= TASK DIRECTIONS =
In the entries that follow, find the line containing "Transfer Switch para" and the line containing "彩色肩部旧蜡烛街打火机与吸血蝙蝠纹身图案", then copy exactly everything from the first through the second except the pictures.

= DATA FOR THE TASK =

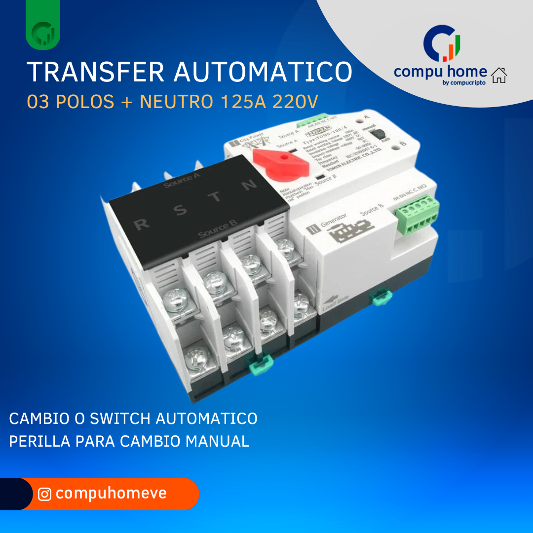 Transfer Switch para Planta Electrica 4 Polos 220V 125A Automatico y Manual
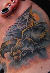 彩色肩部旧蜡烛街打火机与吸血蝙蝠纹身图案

* * *

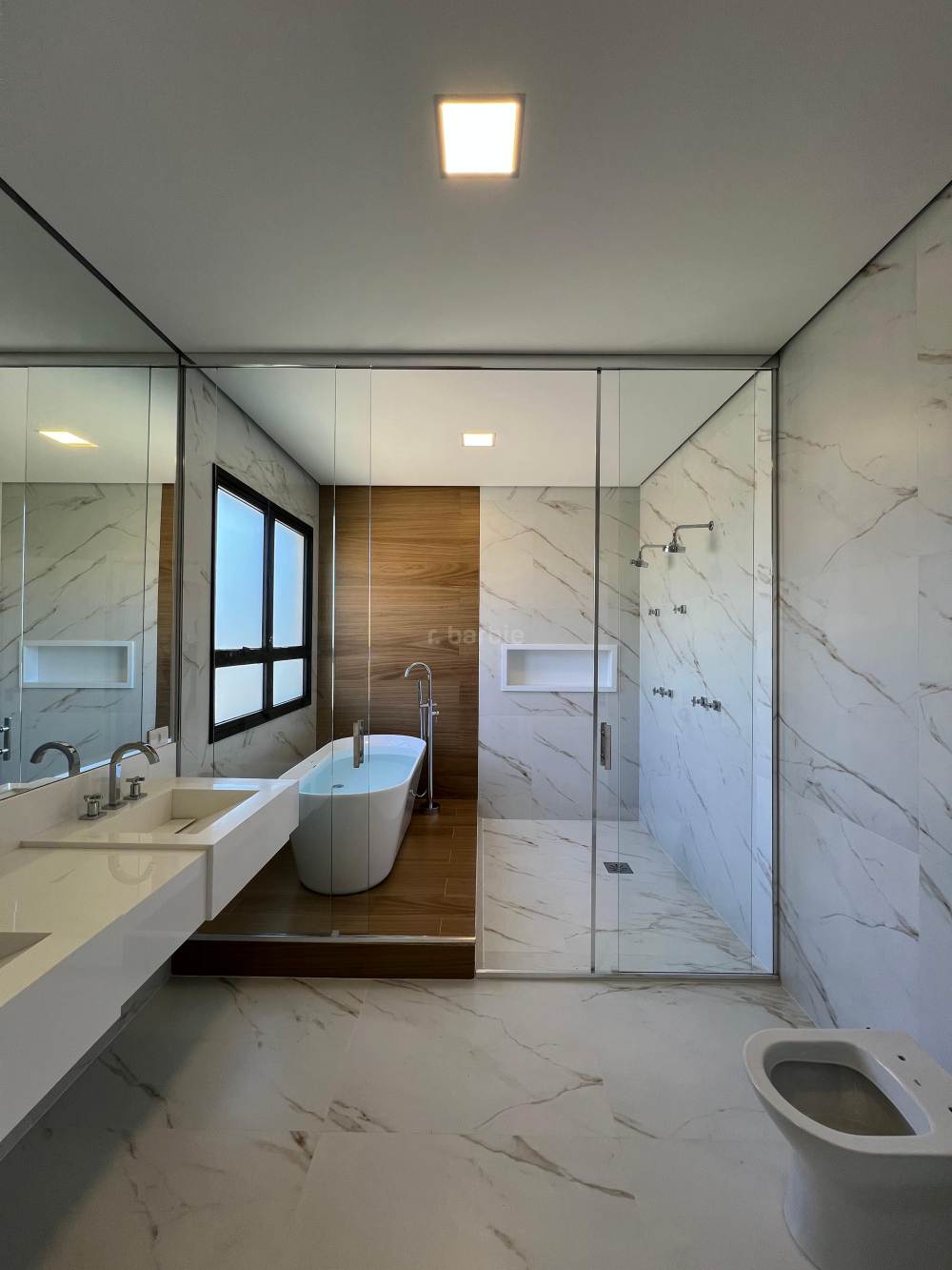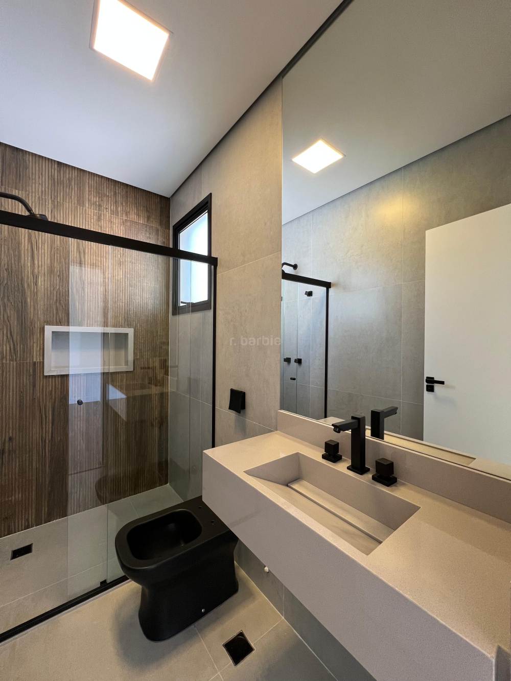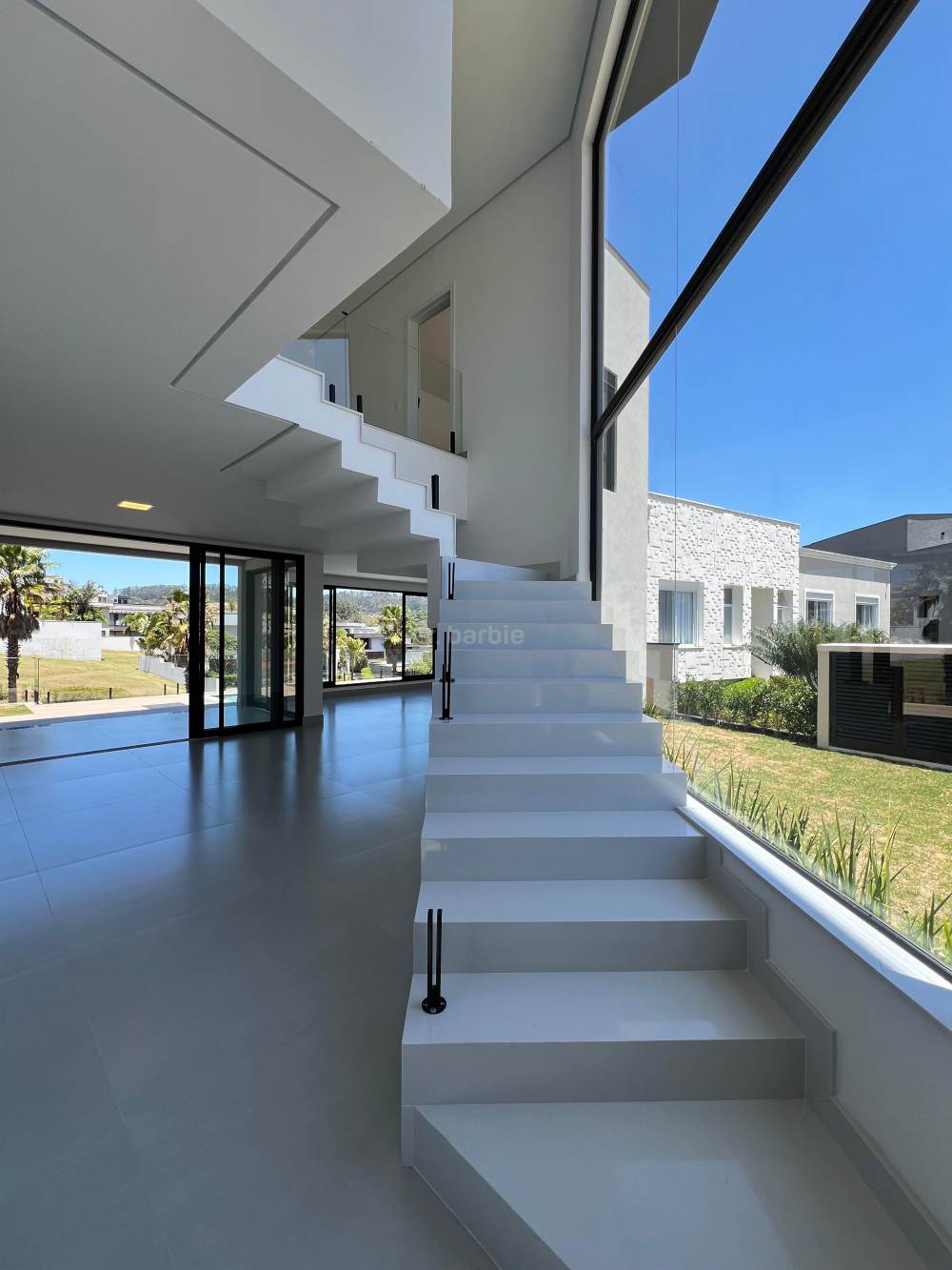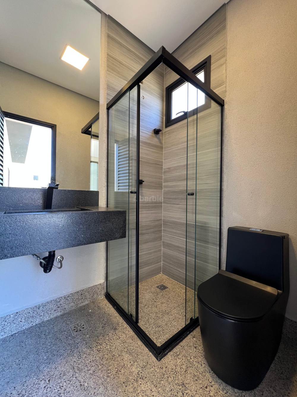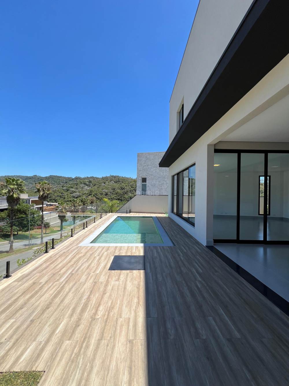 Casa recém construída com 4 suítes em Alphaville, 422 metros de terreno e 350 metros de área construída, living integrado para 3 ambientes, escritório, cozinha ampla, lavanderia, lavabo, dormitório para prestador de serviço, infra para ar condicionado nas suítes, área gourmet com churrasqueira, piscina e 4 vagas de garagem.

= WRITTEN ANSWER =
 Transfer Switch para Planta Electrica 4 Polos 220V 125A Automatico y Manual
 彩色肩部旧蜡烛街打火机与吸血蝙蝠纹身图案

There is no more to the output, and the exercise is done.